**Exercise goal:** Copy, without a single change, each line from the one that holds "보이시나요 ㅋㅋ 틀리면" to the bottom of the entries below, and drop any pictures.

::::

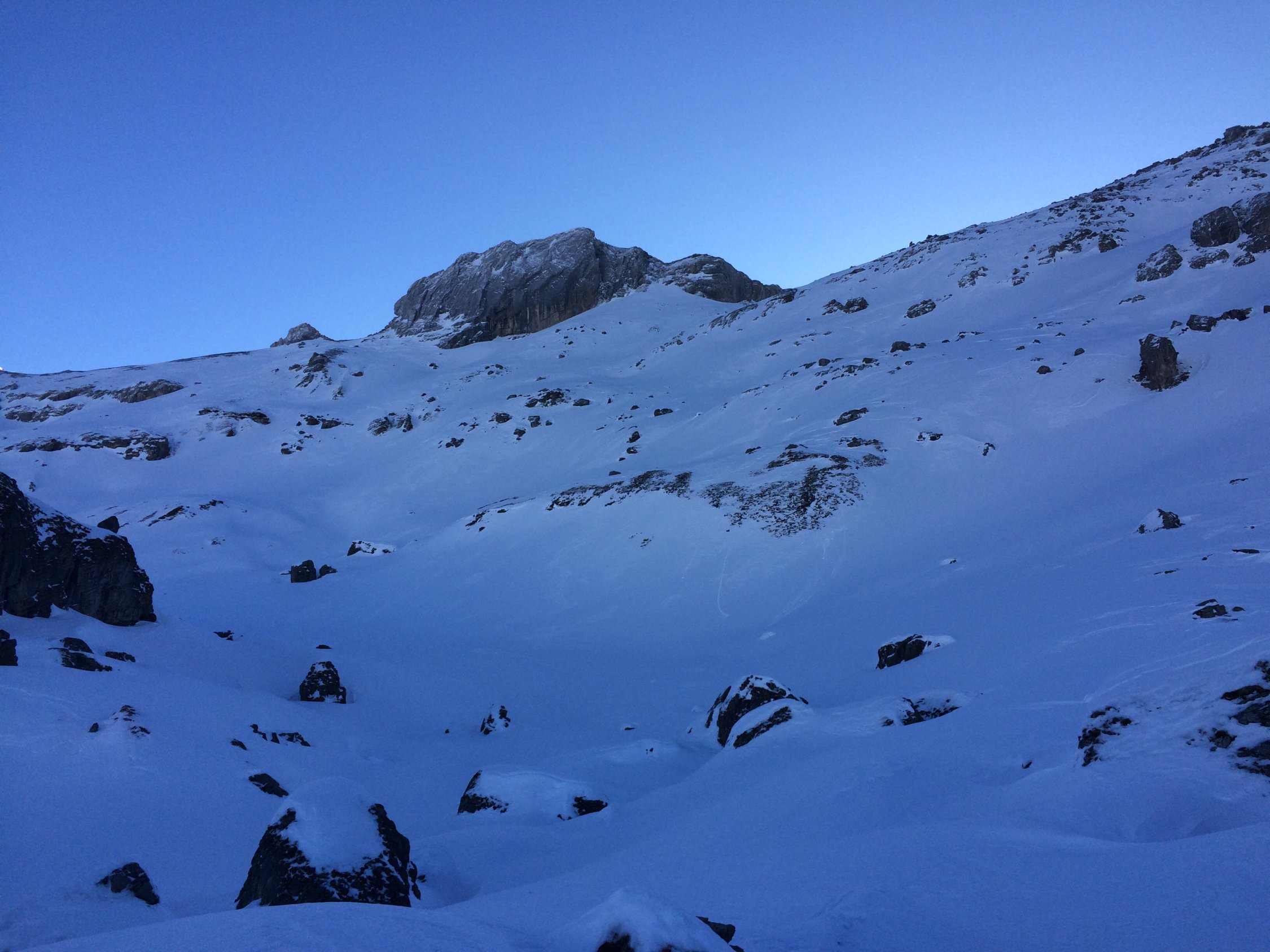 In der Nacht auf Sonntag hat es wohl bis auf 1800müM hochgeregnet. Der Schnee war auf dieser Höhe jedenfalls stark glasiert und gedeckelt. Der Wind war auch im Spiel und hat das ganze noch abgerundet. Aufstieg von der Engstligenalp bis zum Chindbettipass somit mehr oder weniger gedeckelt. Gerade noch ohne Harrscheisen möglich.
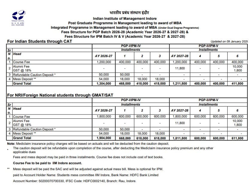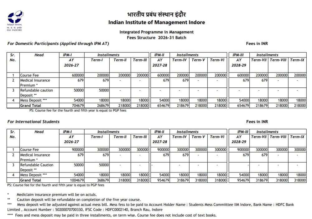 IIM Indore IPM fees 2025 is ₹ 38.3 Lakhs for the entire course duration.
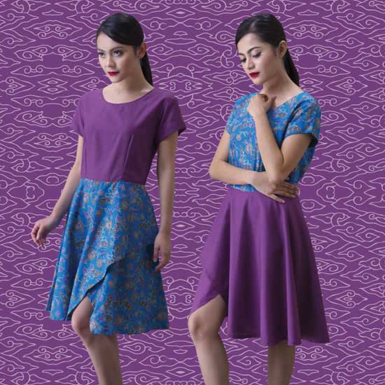 This ladies' dress features a purple top and a light blue skirt. The skirt is embellished with Cirebon batik prints for a folk style. The short sleeves and round neck make it ideal to wear in summer and autumn.
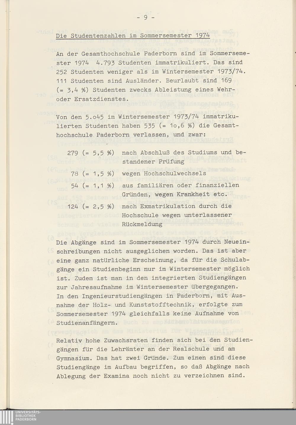 Paderborner Hochschulwochen 1975 - Bericht über die bisherigen Aktivitäten und vorbereitenden Planungen
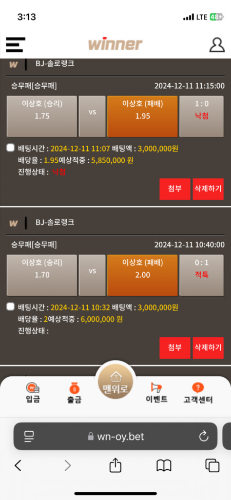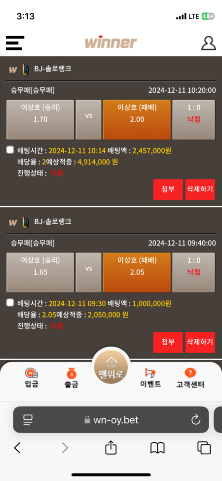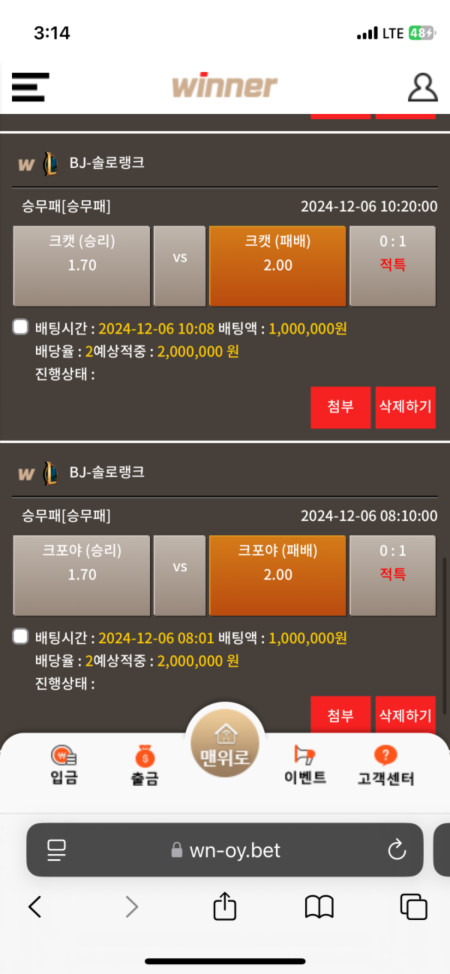 보이시나요 ㅋㅋ 틀리면 낙첨 맞으면 어뷰징이라고 적특시킵니다 위너 개악질 진짜 어뷰징이 뭔지고 모르는새끼들이 어뷰징 거리는데 혹시 이상호 승 걸엇는데 낙첨 맞으신분들 같은 시간대 연락부탁드립니다
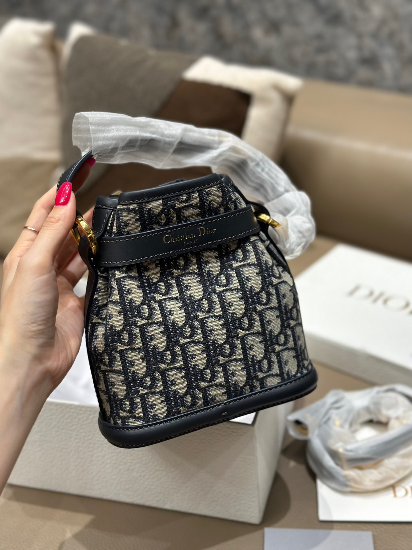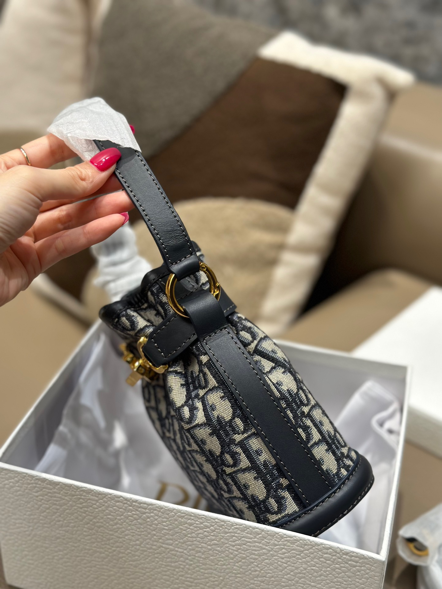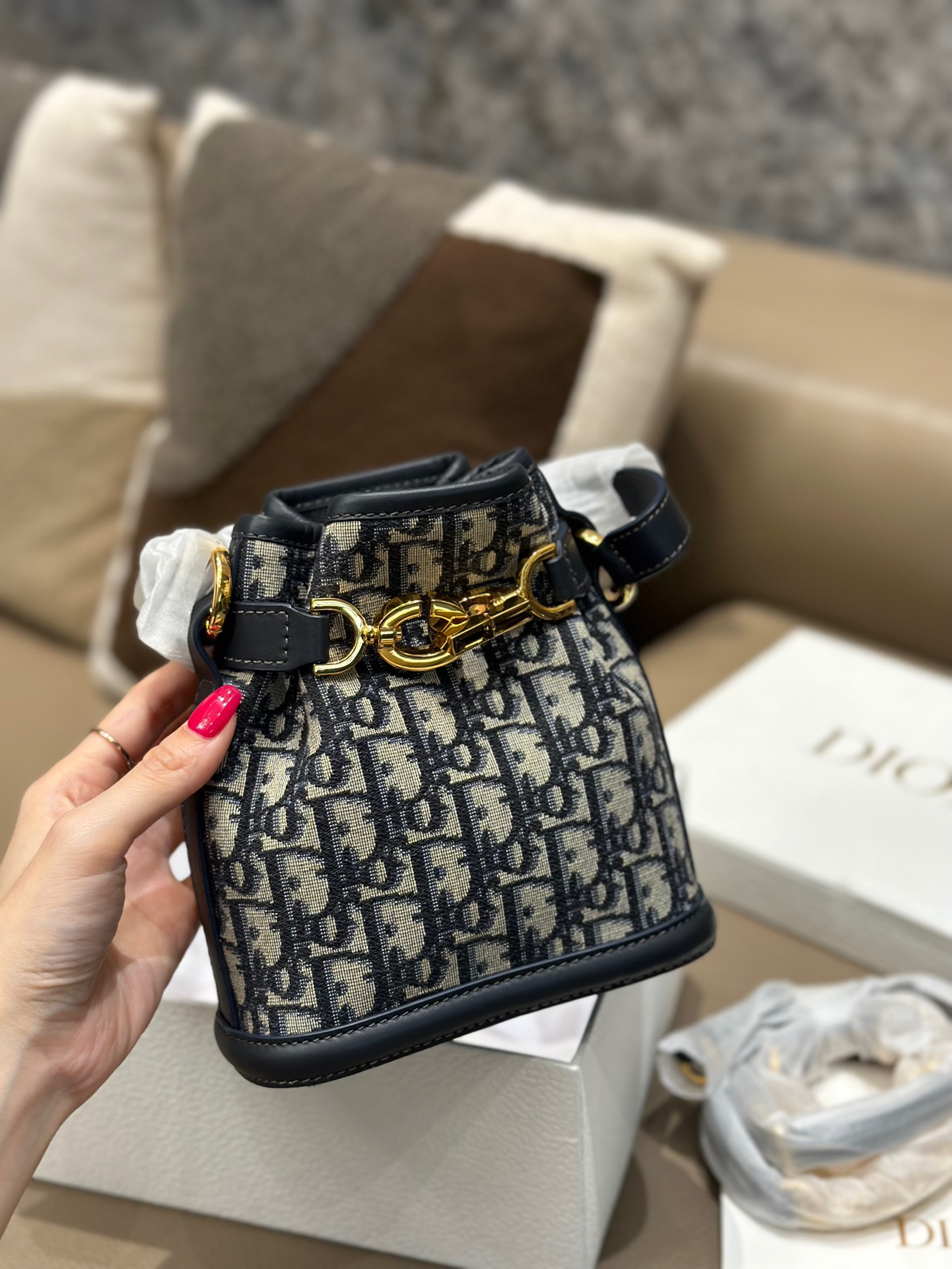 蓝色的oblique 老花面料

::::

**Result of this exercise:**
 보이시나요 ㅋㅋ 틀리면 낙첨 맞으면 어뷰징이라고 적특시킵니다 위너 개악질 진짜 어뷰징이 뭔지고 모르는새끼들이 어뷰징 거리는데 혹시 이상호 승 걸엇는데 낙첨 맞으신분들 같은 시간대 연락부탁드립니다
 蓝色的oblique 老花面料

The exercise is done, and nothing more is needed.